Many TBI patients have sensory problems, especially problems with vision. Patients may not be able to register what they are seeing or may be slow to recognize objects. Also, TBI patients often have difficulty with hand-eye coordination. Because of this, TBI patients may seem clumsy or unsteady. Other sensory deficits may include problems with hearing, smell, taste, or touch. Some TBI patients develop tinnitus, a ringing or roaring in the ears. A person with damage to the part of the brain that processes taste or smell may develop a persistent bitter taste in the mouth or perceive a persistent noxious smell. Damage to the part of the brain that controls the sense of touch may cause a TBI patient to develop persistent skin tingling, itching, or pain. These conditions are rare and hard to treat.

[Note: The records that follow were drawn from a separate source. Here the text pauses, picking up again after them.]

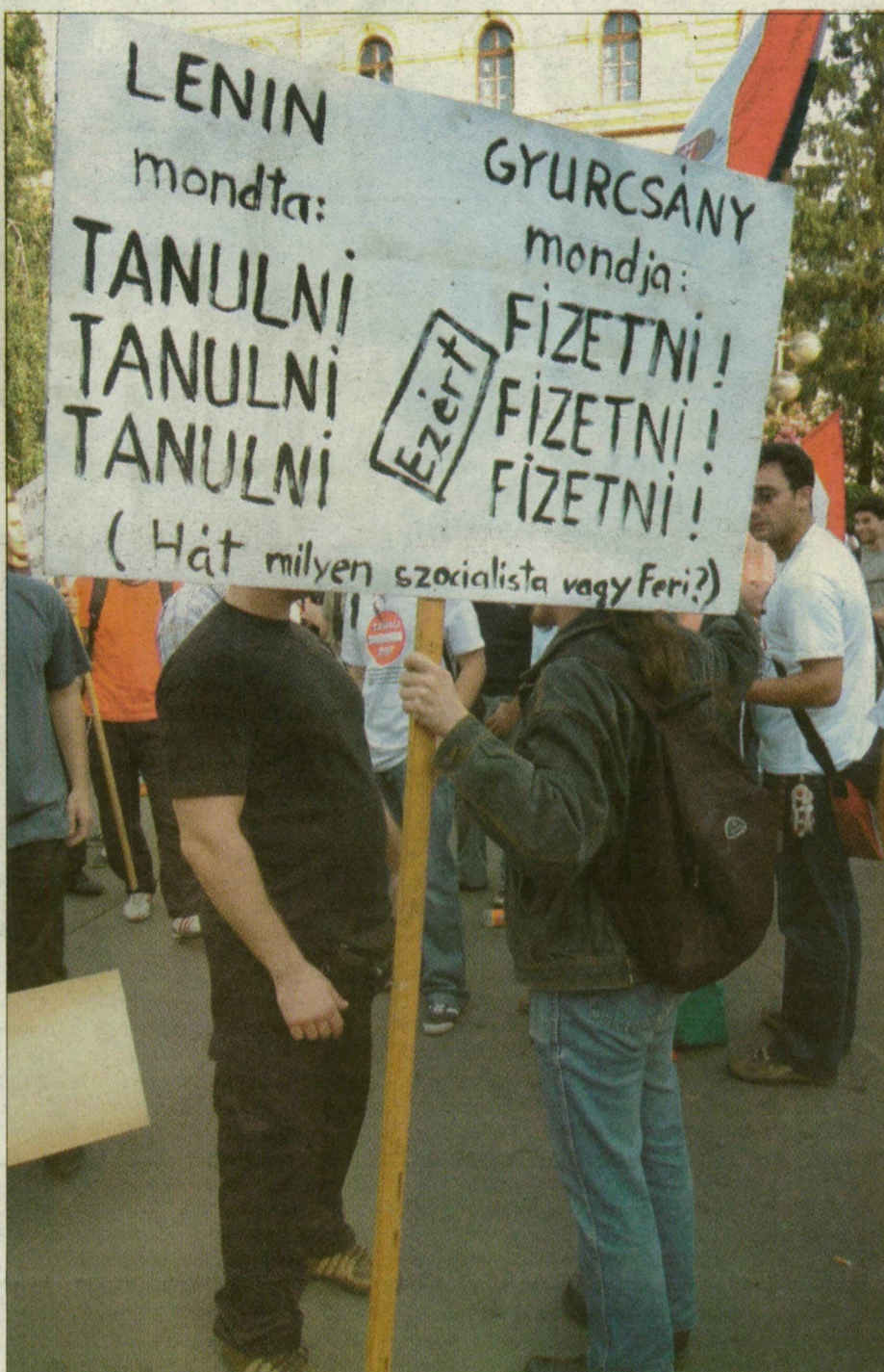
A táblákkal tüntetőket – a politikamentesség nevében – a tömeg szélére kísérték a biztonsági emberek

1995-ben az akkori kormány a Bokros-csomag részeként tandíj kivánt bevezetni a felsőoktatásban. A diákok akkor sem értették egyet az ötlettel, ezért tavasszal a Pénzügyminisztérium elé vonultak, októberben pedig többnapos megmozdulást tartottak a Parlament előtt. Október 5-én több tízezer tüntetett a Kossuth téren. Aznap a hallgatók és Horn Gyula miniszterelnök megállapodtak arról: kétezzer forint lesz a tandíj, de az előzetes tervekkel ellentétben kiegészítő tandíjat nem vezetnek be. Az országos tüntetés előtt egy nappal Szegeden is demonstráltak a hallgatók és az oktatók. A Dugonics téri megmozdulásra akkor így invitáltak a plakátok: „Ne ülj a fenekeden!” 1998-ban a Fidesz, kormányra kerülésekor eltörölte a tandíjat.
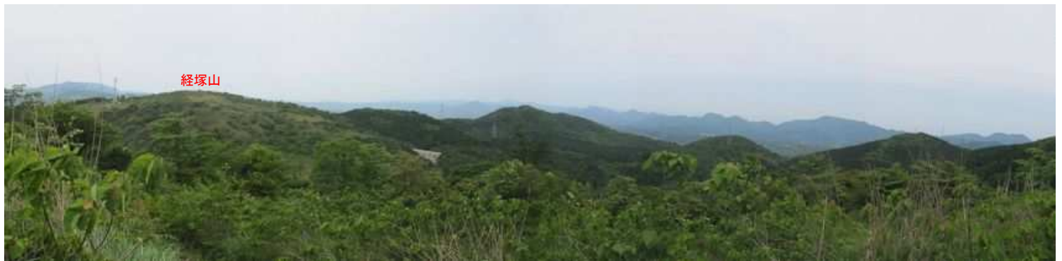
これから向かう経塚山と北西の山並みを見ながら緩く降って行く。
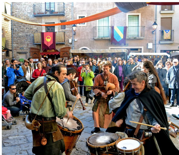
La Fira Medieval d'Oficis atreu milers de visitants El patrimoni històric i geològic té un gran potencial

L'Ajuntament manté la seva aposta pel potencial turístic de la vila, però la necessitat d'optimitzar els recursos dels serveis municipals ha por-
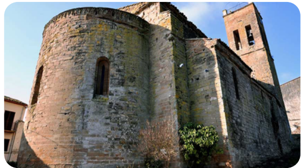
IGLESIA DE SANT PERE
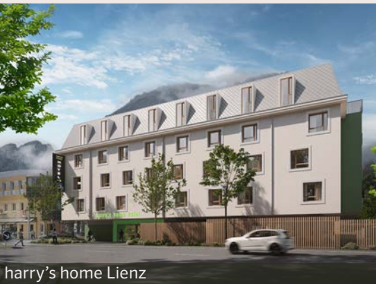
harry's home Lienz
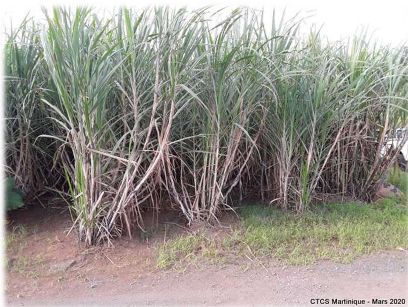
Vue générale du champ
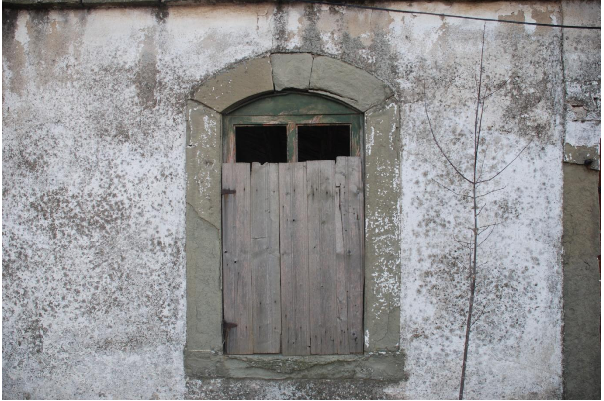
Res. 8: Basık Kemerli Dikdörtgen Pencere Formu

Emotional and behavioral problems

TBI may cause emotional or behavioral problems that fit under the broad category of psychiatric health, including personality changes. Psychiatric problems that may persist for one half year to two years after the injury may include irritability, suicidal ideation, insomnia, and loss of the ability to experience pleasure from previously enjoyable experiences.[6] Other problems include apathy, anxiety, anger, paranoia, confusion, frustration, agitation, and mood swings. About one quarter of people with TBI suffer from clinical depression, and about 9% suffer mania.[6]

Different behavioral problems are characteristic of the location of injury; for instance, frontal lobe injuries often result in disinhibition and inappropriate or childish behavior, and temporal lobe injuries often cause irritability and aggression.[14]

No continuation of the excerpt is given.